▽

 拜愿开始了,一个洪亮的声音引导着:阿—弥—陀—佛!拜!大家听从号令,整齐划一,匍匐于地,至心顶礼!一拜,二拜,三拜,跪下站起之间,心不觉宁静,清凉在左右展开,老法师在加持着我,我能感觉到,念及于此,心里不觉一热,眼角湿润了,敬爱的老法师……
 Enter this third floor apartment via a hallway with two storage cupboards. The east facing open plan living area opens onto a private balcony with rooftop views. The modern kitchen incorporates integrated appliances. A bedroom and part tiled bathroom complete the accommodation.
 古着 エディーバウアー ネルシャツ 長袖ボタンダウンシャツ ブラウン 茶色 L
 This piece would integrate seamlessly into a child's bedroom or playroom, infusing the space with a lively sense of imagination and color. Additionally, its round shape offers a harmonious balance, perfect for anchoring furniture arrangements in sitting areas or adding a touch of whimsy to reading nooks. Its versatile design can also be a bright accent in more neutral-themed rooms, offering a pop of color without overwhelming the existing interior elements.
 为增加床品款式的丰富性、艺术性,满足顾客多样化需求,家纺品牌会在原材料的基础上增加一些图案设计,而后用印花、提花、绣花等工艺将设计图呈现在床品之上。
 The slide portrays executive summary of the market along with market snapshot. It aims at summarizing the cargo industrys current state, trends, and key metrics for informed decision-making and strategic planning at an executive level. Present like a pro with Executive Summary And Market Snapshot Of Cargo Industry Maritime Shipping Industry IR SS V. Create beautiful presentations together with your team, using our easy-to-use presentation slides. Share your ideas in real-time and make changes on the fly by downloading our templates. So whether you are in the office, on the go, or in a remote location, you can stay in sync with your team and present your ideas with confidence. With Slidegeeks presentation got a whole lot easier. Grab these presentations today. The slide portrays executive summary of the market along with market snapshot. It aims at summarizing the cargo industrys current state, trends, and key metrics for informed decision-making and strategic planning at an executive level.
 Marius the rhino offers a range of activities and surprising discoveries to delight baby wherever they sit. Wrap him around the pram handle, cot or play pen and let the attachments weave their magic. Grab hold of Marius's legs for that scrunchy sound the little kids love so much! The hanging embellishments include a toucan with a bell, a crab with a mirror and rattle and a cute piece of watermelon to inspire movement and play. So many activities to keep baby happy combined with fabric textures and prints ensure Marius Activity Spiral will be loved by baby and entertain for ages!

△

— WORK ITEM —
Without altering a single word, transcribe the entries above.

— FINISHED EXERCISE —
 拜愿开始了,一个洪亮的声音引导着:阿—弥—陀—佛!拜!大家听从号令,整齐划一,匍匐于地,至心顶礼!一拜,二拜,三拜,跪下站起之间,心不觉宁静,清凉在左右展开,老法师在加持着我,我能感觉到,念及于此,心里不觉一热,眼角湿润了,敬爱的老法师……
 Enter this third floor apartment via a hallway with two storage cupboards. The east facing open plan living area opens onto a private balcony with rooftop views. The modern kitchen incorporates integrated appliances. A bedroom and part tiled bathroom complete the accommodation.
 古着 エディーバウアー ネルシャツ 長袖ボタンダウンシャツ ブラウン 茶色 L
 This piece would integrate seamlessly into a child's bedroom or playroom, infusing the space with a lively sense of imagination and color. Additionally, its round shape offers a harmonious balance, perfect for anchoring furniture arrangements in sitting areas or adding a touch of whimsy to reading nooks. Its versatile design can also be a bright accent in more neutral-themed rooms, offering a pop of color without overwhelming the existing interior elements.
 为增加床品款式的丰富性、艺术性,满足顾客多样化需求,家纺品牌会在原材料的基础上增加一些图案设计,而后用印花、提花、绣花等工艺将设计图呈现在床品之上。
 The slide portrays executive summary of the market along with market snapshot. It aims at summarizing the cargo industrys current state, trends, and key metrics for informed decision-making and strategic planning at an executive level. Present like a pro with Executive Summary And Market Snapshot Of Cargo Industry Maritime Shipping Industry IR SS V. Create beautiful presentations together with your team, using our easy-to-use presentation slides. Share your ideas in real-time and make changes on the fly by downloading our templates. So whether you are in the office, on the go, or in a remote location, you can stay in sync with your team and present your ideas with confidence. With Slidegeeks presentation got a whole lot easier. Grab these presentations today. The slide portrays executive summary of the market along with market snapshot. It aims at summarizing the cargo industrys current state, trends, and key metrics for informed decision-making and strategic planning at an executive level.
 Marius the rhino offers a range of activities and surprising discoveries to delight baby wherever they sit. Wrap him around the pram handle, cot or play pen and let the attachments weave their magic. Grab hold of Marius's legs for that scrunchy sound the little kids love so much! The hanging embellishments include a toucan with a bell, a crab with a mirror and rattle and a cute piece of watermelon to inspire movement and play. So many activities to keep baby happy combined with fabric textures and prints ensure Marius Activity Spiral will be loved by baby and entertain for ages!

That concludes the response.